Movement is one of the great pleasures of the human experience. We move to live and we live to move. Movement for Well Being advocates incorporating movement into our everyday lives for both the pleasures and the benefits of exercise – especially in the second half of life!

GETTING STARTED

What comes to mind if you think of the things you like to do that combine movement, exercise and enjoyment? Walking? Swimming? Tai Chi? Tennis? Hiking? Kayaking? Hiking? Golf? Dancing? The possibilities are almost endless and each of us has at least a few favorites. Take a minute to come up with your own list - short or long. Get the notebook you started in the stretching section and write down your list of favorites. They'll be the activities you enjoy, have access to, are seasonally available, and that you can participate in comfortably.

Your favorites list will be fluid and dynamic. You can play with adding new things that come up, and subtracting things that arent working for you.

  1. The first step is integrating at least ONE of the activities on your list THIS week for at least 30 minutes. Lets say a 30 minute walk around your neighborhood.

  2. By NEXT week, add another session, or, another activity from the list. Let's say you try a class you've looked up at your local community center.

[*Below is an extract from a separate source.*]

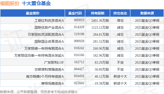 持有福能股份最多的基金为工银红利优享混合A,目前规模为49.23亿元,最新净值1.1361(10月29日),较上一交易日上涨0.35%,近一年上涨13.19%。该基金现任基金经理为尤宏业。

  3. By the THIRD week, add a third session/activity. Let's say its the weekend and a friend invites you to go with her to the pool or for a bike ride.

  4. At one month in, you should be enjoying some movement/exercise 3 times a week. Keep track of what you're doing in your notebook and watch your program and your progress grow.

As you move into the 2nd month and beyond, expand according to your abilities and goals. You might move to adding a 4th session per week or bumping your sessions up from 30 minutes to 45. You’re in charge of creating the perfect program for YOU. Trust yourself, customize your program to fit your needs and capacities, and have fun! Some of my younger or more active, athletic clients end up enjoying routines with an hour or more of activity a day, 5 or more days a week. Others who are older or have more limited abilities or interests in this area might find they’ve got the perfect balance at 30 minutes 3 times a week.

RESOURCES

Mary’s Woods Offerings / Ideas.  For all my lucky clients living at Mary’s Woods, you’ve got an abundance of activities at your finger tips. Click here for the link to the offerings. Our favorites are tai chi, water aerobics, free lap swim and pool time, treadmill and weights, line dance, and just walking around the campus and on Old River Road.

Greater Portland Area.  We’ve put up a few links here to get you started if you want organized options and support. Please let us know your experience and other favorite links so we can add them.

OUR EXPERIENCE

Movement is truly an essential part of Everyday Well Being in the 2nd half, bringing us the essential aspects of staying aerobically and muscularly fit. It keeps our bones strong and our joints lubricated. It propels us out into our communities in ways that are personally relevant and valuable for each of us. Exercise not only changes our bodies, it changes our minds, our attitudes and our lives.